Here's mine. Broccoli, cabbage, onions, taters, beets, carrots, sugar snap peas, and leeks in so far. Sugar snaps are a new variety that is supposed to grow more quickly with better yields. We're just about past the last possible frost date for this area, so the tomatoes, corn, beans, and okra will be going in later this month.


----------



## amberg

Got a row of potatoes and 2 rows of peas and snaps in Wednesday, Hope it is not to early for the snaps.


----------



## chuckwood

amberg said:


> Got a row of potatoes and 2 rows of peas and snaps in Wednesday, Hope it is not to early for the snaps.



I planted my snaps back in early March , gambling on the news that we would have mild weather here in the south. It took a while for them to germinate in cooler soil, but they are doing great and around a foot tall right now. They did just fine the few times we had some hard frosts in March. In years past, I used to plant the snaps too late and I'd have poor results due to the weather getting too hot for them.


----------



## Buckshot00

Got 4 rows of pinto beans and 4 rows of field peas planted. Onions, taters, and corn is up.


----------



## Buckshot00

Planted 4 short rows of Indian corn today.


----------



## amberg

Noticed a few peas popping through a couple days ago, still not sure on the snaps, we are having another little cold snap here again.


----------



## chuckwood

amberg said:


> Noticed a few peas popping through a couple days ago, still not sure on the snaps, we are having another little cold snap here again.

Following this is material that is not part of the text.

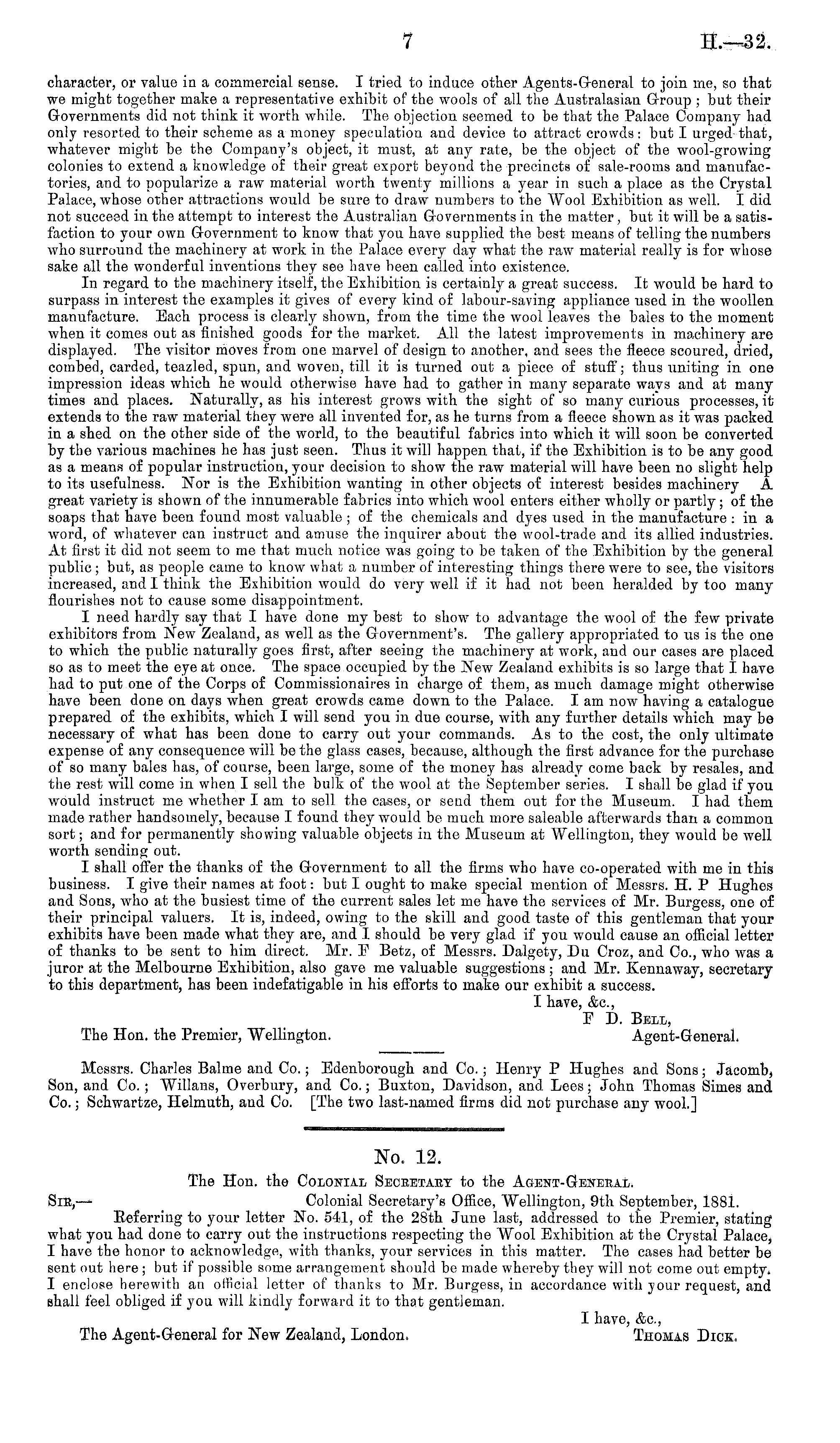 character, or value in a commercial sense. I tried to induce other Agents-General to join me, so that we might together make a representative exhibit of the wools of all the Australasian Group ; but their Governments did not think it worth while. The objection seemed to be that the Palace Company had only resorted to their scheme as a money speculation and device to attract crowds : but I urged that, whatever might be the Company's object, it must, at any rate, be the object of the wool-growing colonies to extend a knowledge of their great export beyond the precincts of sale-rooms and manufactories, and to popularize a raw material, worth twenty millions a year in such a place as the Crystal Palace, whose other attractions would be sure to draw numbers to the Wool Exhibition as well. I did not succeed in the attempt to interest the Australian Governments in the matter, but it will be a satisfaction to your own Government to know that you have supplied the best means of telling the numbers who surround the machinery at work in the Palace every day what the raw material really is for whose sake all the wonderful inventions they see have been called into existence. In regard to the machinery itself, the Exhibition is certainly a great success. It would be hard to surpass in interest the examples it gives of every kind of labour-saving appliance used in the woollen manufacture. Each process is clearly shown, from the time the wool leaves the bales to the moment when it comes out as finished goods for the market. All the latest improvements in machinery are displayed. The visitor moves from one marvel of design to another, and sees the fleece scoured, dried, combed, carded, teazled, spun, and woven, till it is turned out a piece of stuff; thus uniting in one impression ideas which he would otherwise have had to gather in many separate ways and at many times and places. Naturally, as his interest grows with the sight of so many curious processes, it extends to the raw material they were all invented for, as he turns from a fleece shown as it was packed in a shed on the other side of the world, to the beautiful fabrics into which it will soon be converted by the various machines he has just seen. Thus it will happen that, if the Exhibition is to be any good as a means of popular instruction, your decision to show the raw material will have been no slight help to its usefulness. Nor is the Exhibition wanting in other objects of interest besides machinery A great variety is shown of the innumerable fabrics into which wool enters either wholly or partly ; of the soaps that have been found most valuable ; of the chemicals and dyes used in the manufacture : in a word, of whatever can instruct and amuse the inquirer about the wool-trade and its allied industries. At first it did not seem to me that much notice was going to be taken of the Exhibition by the general public ; but, as people came to know what a number of interesting things there were to see, the visitors increased, and I think the Exhibition would do very well if it had not been heralded by too many nourishes not to cause some disappointment. I need hardly say that I have done my best to show to advantage the wool of the few private exhibitors from New Zealand, as well as the Government's. The gallery appropriated to us is the one to which the public naturally goes first, after seeing the machinery at work, and our cases are placed so as to meet the eye at once. The space occupied by the New Zealand exhibits is so large that I have had to put one of the Corps of Commissionaires in charge of them, as much damage might otherwise have been done on days when great crowds came down to the Palace. lam now having a catalogue prepared of the exhibits, which I will send you in due course, with any further details which may be necessary of what has been done to carry out your commands. As to the cost, the only ultimate expense of any consequence will be the glass cases, because, although the first advance for the purchase of so many bales has, of course, been large, some of the money has already come back by resales, and the rest will come in when I sell the bulk of the wool at the September series. I shall be glad if you would instruct me whether lam to sell the cases, or send them out for the Museum. I had them made rather handsomely, because I found they would be much more saleable afterwards than a common sort; and for permanently showing valuable objects in the Museum at Wellington, they would be well worth sending out. I shall offer the thanks of the Government to all the firms who have co-operated with me in this business. I give their names at foot: but I ought to make special mention of Messrs. H. P Hughes and Sons, who at the busiest time of the current sales let me have the services of Mr. Burgess, one of their principal valuers. It is, indeed, owing to the skill and good taste of this gentleman that your exhibits have been made what they are, and I should be very glad if you would cause an official letter of thanks to be sent to him direct. Mr. F Betz, of Messrs. Dalgety, Dv Croz, and Co., who was a juror at the Melbourne Exhibition, also gave me valuable suggestions ; and Mr. Kennaway, secretary to this department, has been indefatigable in his efforts to make our exhibit a success. I have, &c, F D. Bell, The Hon. the Premier, Wellington. Agent-General.

Don't worry about the snaps, mine did just fine here in March when temps were in the 20's. What messes the snaps up is hot weather.


----------



## Buckshot00

So far so good.


----------



## amberg

chuckwood said:


> Don't worry about the snaps, mine did just fine here in March when temps were in the 20's. What messes the snaps up is hot weather.



The peas and potatoes starting to come through, the snaps are at the other end of the rows, they have not fared so well yet, I did get another packet of snaps today, My brother has a pack of pole beans that he is giving me to try on the trellis this year, we will see how that goes. Any ideas on how far apart to plant pole beans on the trellis, Think I planted the pole Lima's too close last year.


----------



## amberg

Buckshot00 said:


> View attachment 576143
> So far so good.



You have the best damn dirt down there, all we have up here is grey dirt and rocks! What is the little square in the middle?


----------



## Buckshot00

amberg said:


> You have the best damn dirt down there, all we have up here is grey dirt and rocks! What is the little square in the middle?


The green far green square is corn, the left square is indian corn and the right square is field peas. i didnt till those areas yet.


----------



## Ash_403

amberg said:


> The peas and potatoes starting to come through, the snaps are at the other end of the rows, they have not fared so well yet, I did get another packet of snaps today, My brother has a pack of pole beans that he is giving me to try on the trellis this year, we will see how that goes. Any ideas on how far apart to plant pole beans on the trellis, Think I planted the pole Lima's too close last year.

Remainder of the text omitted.